Gallery: The Active Sun as Art

Sun Flower

Steele Hill/SDO/Goddard Flight Center/NASA

There was something about the bright coronal mass ejection (cropped but un-retouched) in February 2002 that, when copied into a circular pattern, suggested the splash of color found in a flower petal.

Dazzling Red Hot Arc

Steele Hill/SDO/Goddard Flight Center/NASA

Charged particles spiraling along magnetic field lines rise above several active regions, then were made to zoom out to the viewer. The field lines are in constant motion and often break apart and reconnect. The ionized material imaged here was heated to over one million degrees.

Making an Impression

Steele Hill/SDO/Goddard Flight Center/NASA

This Monet-like close-up of an erupting active region (brightest area) combines three color-coded wavelengths of extreme UV light.

Observant Sunspots

Steele Hill/SDO/Goddard Flight Center/NASA

It appears that these pairs of sunspots are peering out from the sun.
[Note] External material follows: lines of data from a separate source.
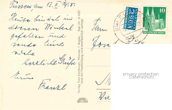 72775194 alte Postkarte Fuessen Allgaeu Schlicke postalisch gelaufen Erhaltung siehe scans [KathaD81] KatCode: 11110009777129
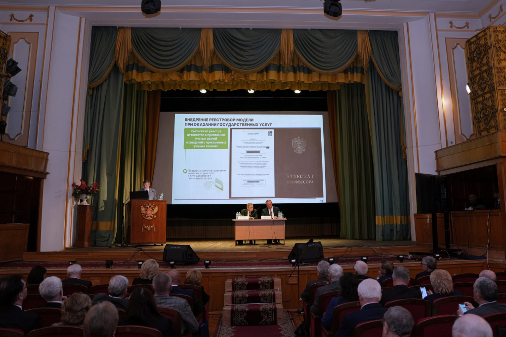 Руководитель Департамента аттестации научных и научно-педагогических работников Минобрнауки России Михаил Козлов доложил о переходе на реестровую модель оказания государственных услуг. С 1 марта 2026 года введены реестры аттестатов, сведений о признании иностранных учёных степеней и диссертационных советов. «Теперь за Минобрнауки закреплено введение реестра аттестатов. Мы сократили общее время предоставления услуги. Те, кто получал учёное звание доцента или профессора, знает, с какими временными издержками это было сопряжено. Сейчас практически сократили до 20 с небольшим дней», — заявил он.
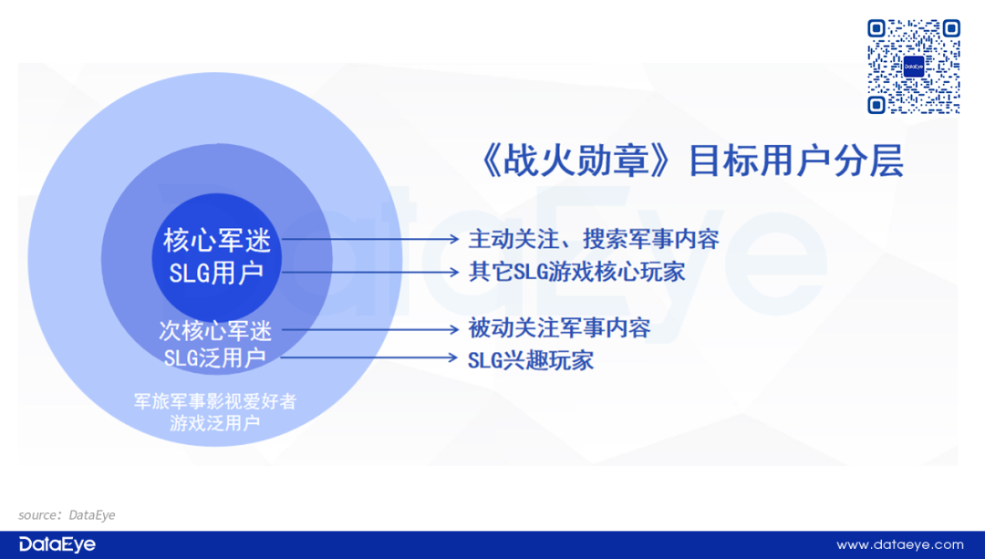 第二,DataEye研究院的观察。《战火勋章》上线主攻:1、题材向的军迷用户,其中①核心军迷、②纯爱好者,是最核心的目标。(“先题材,后玩法;先军迷,后SLG”)

Sunspots are a little cooler (7,000 degrees F.) and thus appear darker than the sun's surface (10,000 degrees F.). Notice how the surface looks dimpled everywhere you look: each of these granules is the top of a convection cell where hot fluid rises up, spreads out, then sinks back over about 20 minutes. Each granule is about 620 miles across.

Old Man in the Sun

Steele Hill/SDO/Goddard Flight Center/NASA

By sheer coincidence several active regions seen in extreme UV light, without any re-arranging, aligned themselves to resemble a contemplative face.

Flash of a Flare

Steele Hill/SDO/Goddard Flight Center/NASA

A solar flare on August 9, 2011 overwhelmed the SDO imager with such strong light that it caused the brightness to spread out in broken lines above and below the flare site for just a few minutes.

Volcanic Eruption

Steele Hill/SDO/Goddard Flight Center/NASA

Not a volcano really, but a spectacular solar blast of particles called a coronal mass ejection viewed in extreme UV light.

Magnetic Loop Swirls

Steele Hill/SDO/Goddard Flight Center/NASA

A close up of an active region in extreme UV light reveals tangles of loops and coils of arcs.

Sun Shades of Warhol

Steele Hill/SDO/Goddard Flight Center/NASA

This close-up of a solar eruption seemed to lend itself to a modernistic approach with color tables. The original image combined three wavelengths in extreme UV light.

Let’s Twist Again

Steele Hill/SDO/Goddard Flight Center/NASA

Prominences are huge clouds of relatively cool dense plasma suspended in the sun's hot, thin corona. At times, they can erupt out into space, propelled by magnetic forces from the Sun’s atmosphere. Ultraviolet emission in this wavelength (ions of helium at 304Å) shows the upper chromosphere (not far above the visible surface) at a temperature of about 100,000 degrees F. For a size comparison, the Earth would be no larger than your little fingertip.